‘Zoom-Bombers’ Allegedly Disrupt Bellisario College Panel With Hate Speech
More than a dozen unidentified individuals joined a virtual Penn State alumni panel Tuesday night to direct hate speech at attendees.
According to messages obtained from some event guests, the “Zoom-bombers” joined the call and allegedly filled the Zoom meeting’s chat with hate speech, including repeated use of the N-word and other “racist things.”
A brief portion of the incident can be seen in this cell phone video obtained by Onward State. Upon entering, one user can be heard saying, “What’s up, fuckers?”
The Zoom meeting ended two minutes after the assailants crashed the call. Event staffers relaunched the meeting a few moments later, but the unwanted individuals reportedly returned again and continued their verbal attacks.
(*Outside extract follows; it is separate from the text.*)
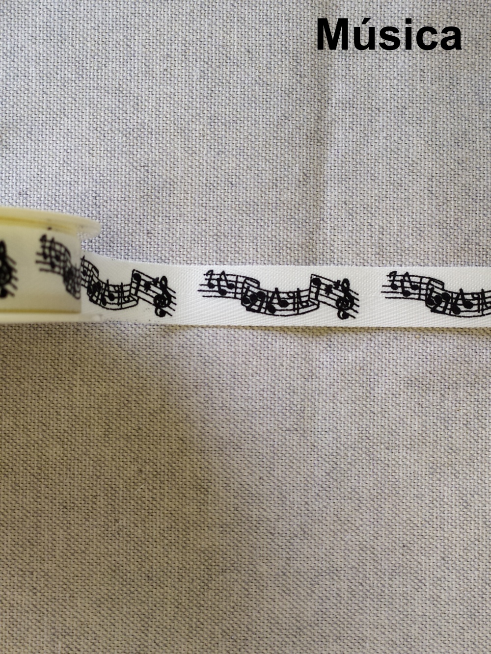 Fita branca com notas musicais pretas enrolada em carretel sobre tecido cinzento
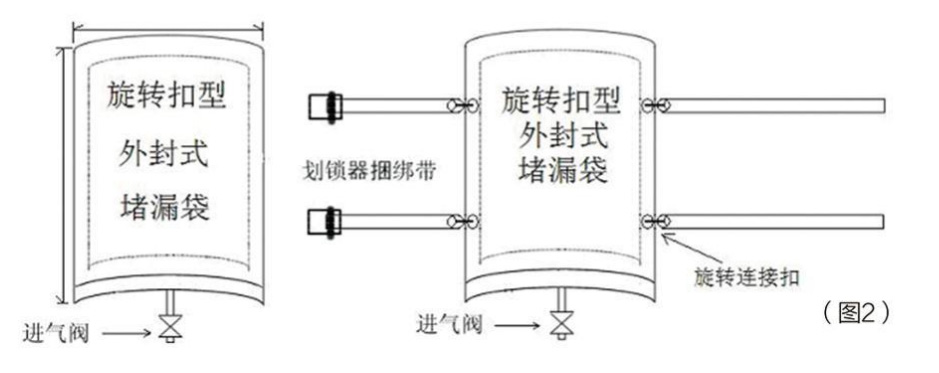 - 2、旋轉(zhuǎn)扣型:應(yīng)用在金屬、塑料、玻璃鋼材質(zhì)的各類管道、罐車、容器罐人為損壞或腐蝕穿孔跑、冒、滴、漏導(dǎo)致的圓孔、橢圓孔類泄漏充氣應(yīng)急之用,或大型落地式容器罐體底部泄漏,先將堵漏袋拉緊在泄漏部位表面后充氣達(dá)到堵漏的目的。(見(jiàn)圖2)

Organizers reportedly pulled the plug altogether at approximately 6:40 p.m.
The event, hosted by the Donald P. Bellisario College of Communications, aimed to introduce students to digital media and marketing strategies through hearing from a diverse group of Penn State alumni. Some classes, including COMM 271, a popular introductory multimedia journalism course, offered students extra credit for attending.
“We are again deeply disturbed to learn of another highly offensive online assault, meant to not only shock, but to gain attention for ideas and hate-filled rhetoric that have absolutely no place on our campus,” Penn State spokesperson Lisa Powers said.
University police are investigating the incident. Anyone with additional information is encouraged to contact police at (814) 863-1111 or submit a tip online.
Marie Hardin, Bellisario’s dean, released a statement to the panel’s guests Tuesday, noting that the college and university at large are taking the incident “very seriously.”
“We are truly sorry that you were put through this disturbing experience<” Hardin said. “The Bellisario College strives to create a safe and accepting environment for our students, and we do not tolerate the racist and homophobic slurs that were used by the digital intruders into the event tonight. We are thinking of you and want you to know how much we regret that this happened.”
This is far from Penn State’s first reported “Zoom-bombing.” One unwanted individual allegedly joined a Black History Month event Monday to “reenact” the police killing of George Floyd, while more than 50 users allegedly crashed a Black Caucus Zoom meeting during the Involvement Fair last month to direct hate speech at executives.
Moving forward, the students and event leaders can take steps to protect their Zoom meetings. Namely, they should avoid sharing meeting passwords in public channels or changing default security settings.
Hosts are also encouraged to control how participants can join, allow only authenticated users in, limit screen-sharing, and record meetings to help identify potential unwanted users.